**Work to be completed:** Reproduce exactly the lines from the one that holds "まずは「ケレン・目荒らし」を" through the last line of the entries, both ends included, but not the pictures.

==== Input data

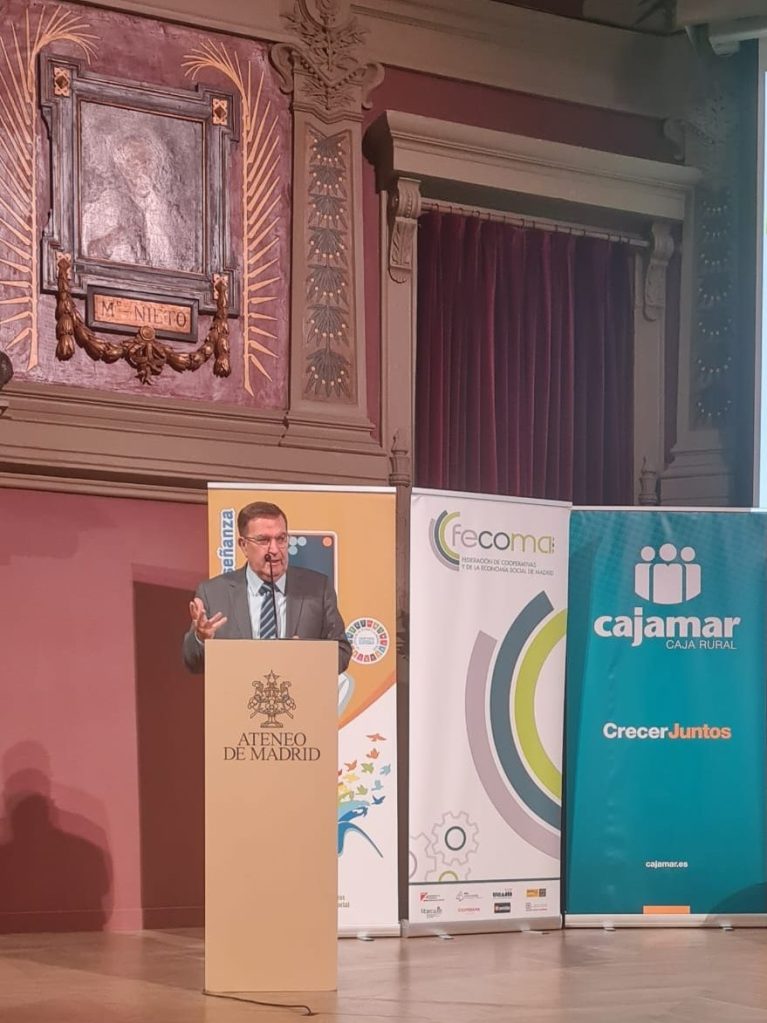 La Federación de Cooperativas y Economía Social (FECOMA) celebró los premios ES-MAD, acto que tuvo lugar en el Ateneo de Madrid (Calle del Prado, 21), y en el que reconocen los mejores proyectos empresariales de las distintas familias de la economía social: sociedades laborales y cooperativas de trabajo asociado, transporte, consumo, enseñanza y vivienda.
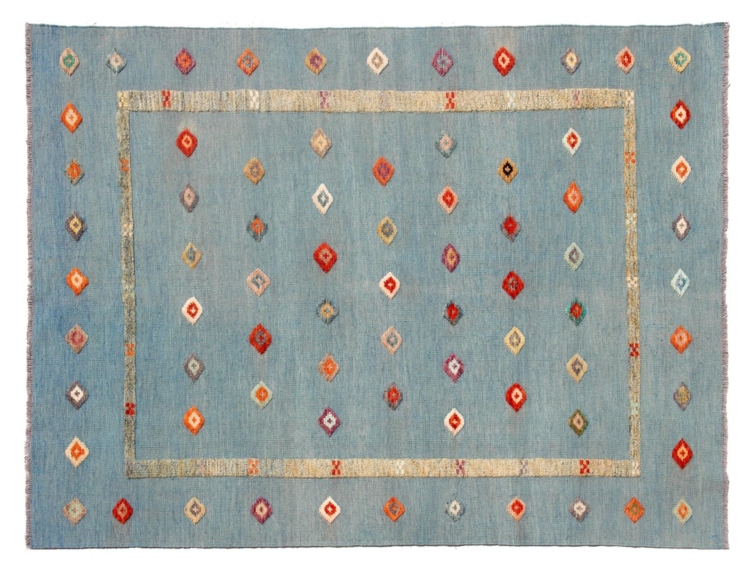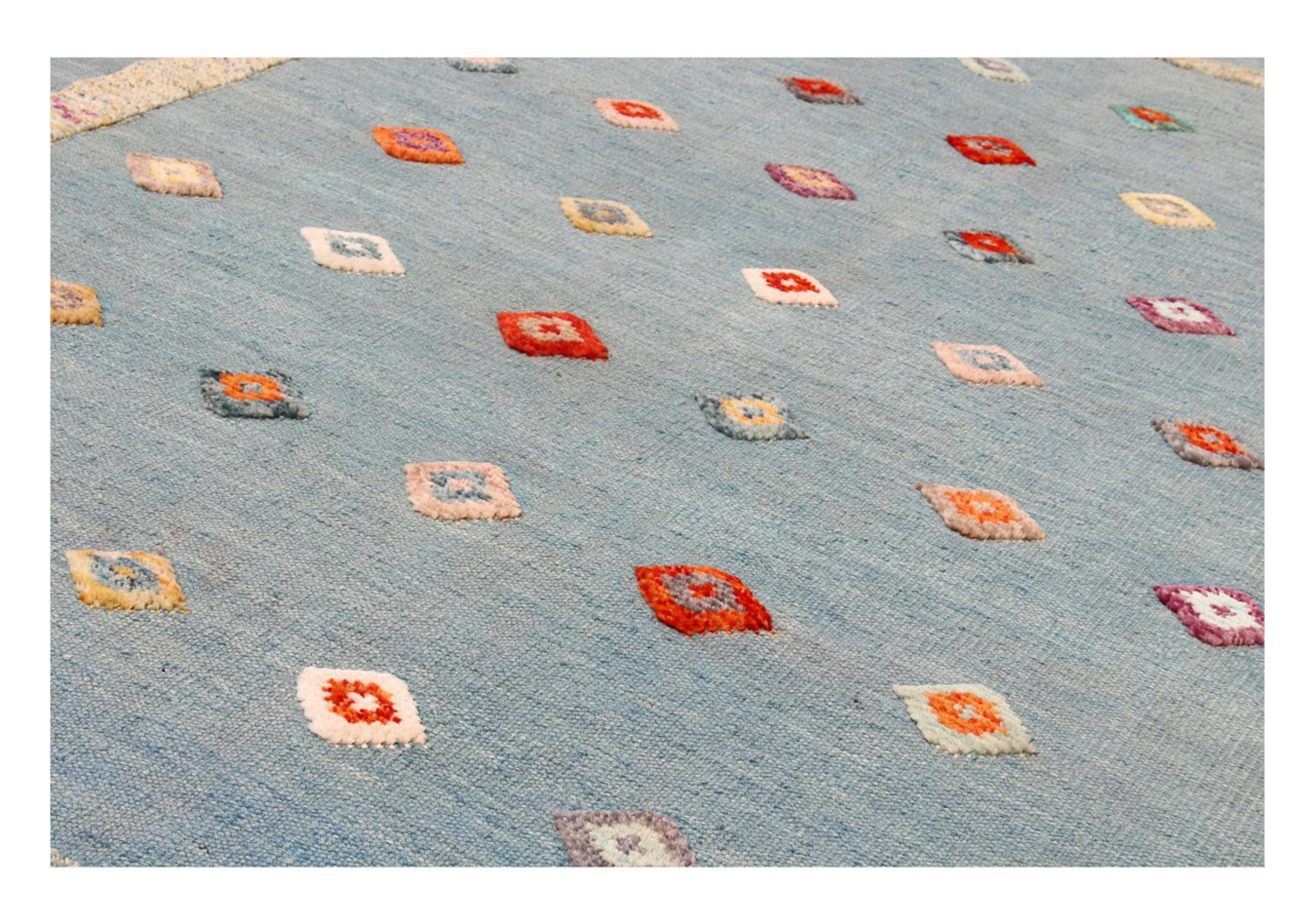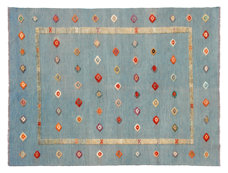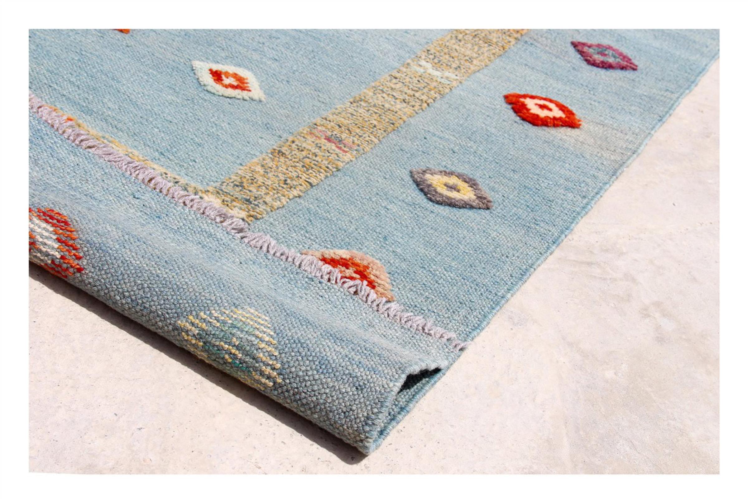 Esta alfombra fue hecha a mano en un telar como un tejido plano. Tejido plano es el término utilizado para describir las alfombras que no tienen pelo. Como el nombre promete, estas alfombras están tejidas y no anudadas. Esto resulta en una alfombra plana con una superficie estructurada. Los tejidos planos no son tan suaves y normalmente más delgados que las alfombras anudadas. Al mismo tiempo, su fabricación es mucho menos compleja y por lo general se pueden disponer por ambos lados (frontal y posterior). Sus patrones suelen ser geométricos, lo cual está determinado por el tejido.
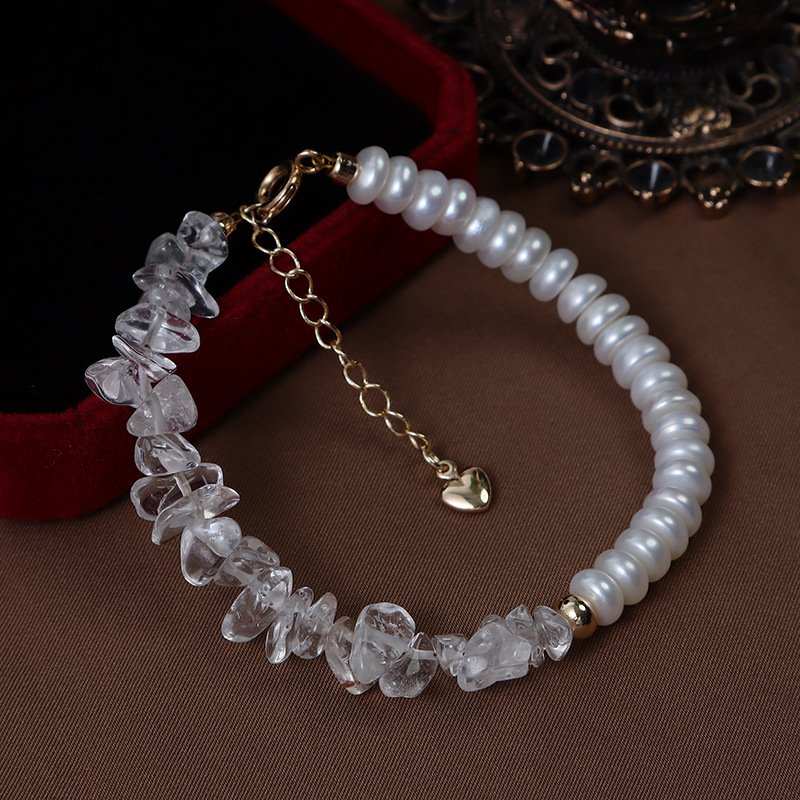 Material: Freshwater pearls +White Quartz Crushed Stone+ 14k gold-plated hardware
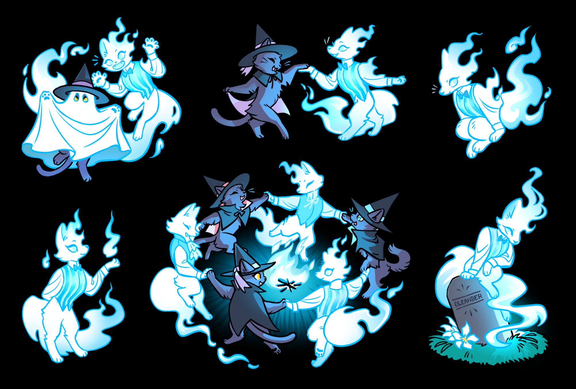 An extra witch kitty and pals sticker set for 2024! The kitties and their foxy phantom friends get together on All Saints night to dance the night away.
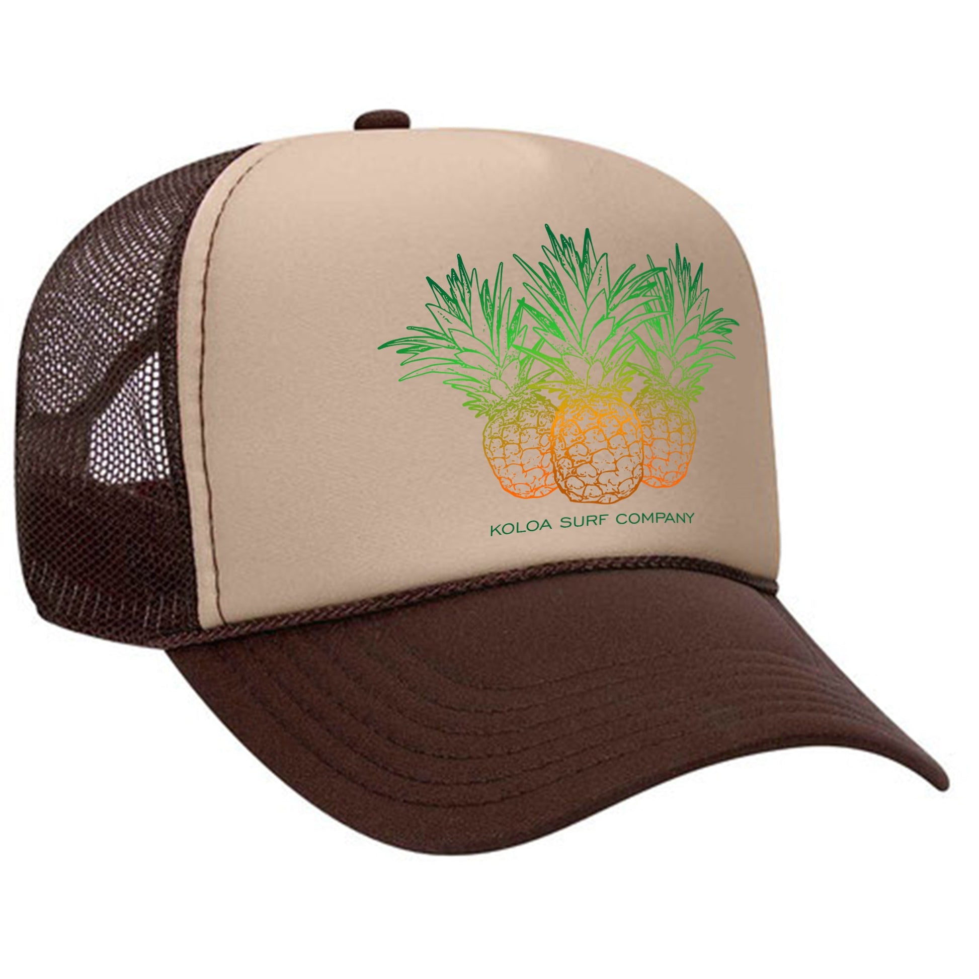 The Koloa Tres Piñas Foam Trucker Hat is unforgettable and affordable. This 5-panel hat is very unique, making you stand out amongst the crowd.
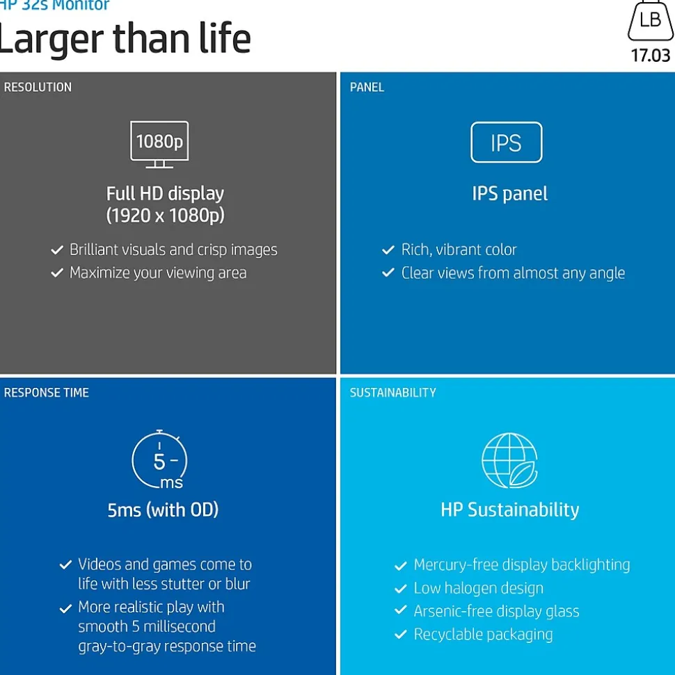 Home entertainment reaches new heights on a spacious 32” diagonal display. Maximize immersion while watching movies, and multitask with multiple windows on a full-sized screen. With its vibrant visuals and versatile connectivity options, everything on screen comes to life in dazzling clarity. Bolster your entertainment experience with an expansive 31.5” diagonal FHD resolution display that delivers 70% more screen than a 24” monitor. Plus the 178 degree viewing angle gives you sharp picture from all sides. Watch your media come to life in rich, vibrant color with IPS technology. From vacation photos, to movies and games—everything is portrayed in striking detail with 99% sRGB accuracy.
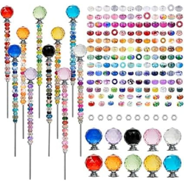 Decorative Fairy Sticks with Beads for Garden, 10 Crystal Stoppers, 160 Round Beads, 10 Threaded Rods with Hex Nuts (10, Stake-02)
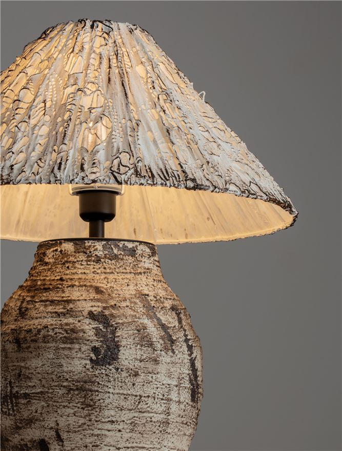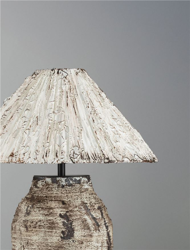 ръчно иработен абажур с естествени материали, бежово-сива керамика
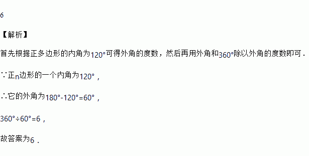 正n边形的一个内角为120°,则n的值为________ .
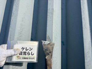 まずは「ケレン・目荒らし」を行い、古い塗膜の浮きや錆を丁寧に落としながら、表面に微細な傷をつけることで塗料の密着性を格段に高めます。
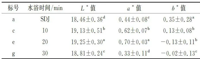 值和 b* 值的绝对值均先增大后减小,可能是水浴 20min 时铁皮石斛汁中的花色昔大量溶出,长时间低温水浴过程中,可溶性花色昔与氧气充分结合,发生水解或美拉德反应引起该物质结构改变。

========

**Answer box:**
 まずは「ケレン・目荒らし」を行い、古い塗膜の浮きや錆を丁寧に落としながら、表面に微細な傷をつけることで塗料の密着性を格段に高めます。
 值和 b* 值的绝对值均先增大后减小,可能是水浴 20min 时铁皮石斛汁中的花色昔大量溶出,长时间低温水浴过程中,可溶性花色昔与氧气充分结合,发生水解或美拉德反应引起该物质结构改变。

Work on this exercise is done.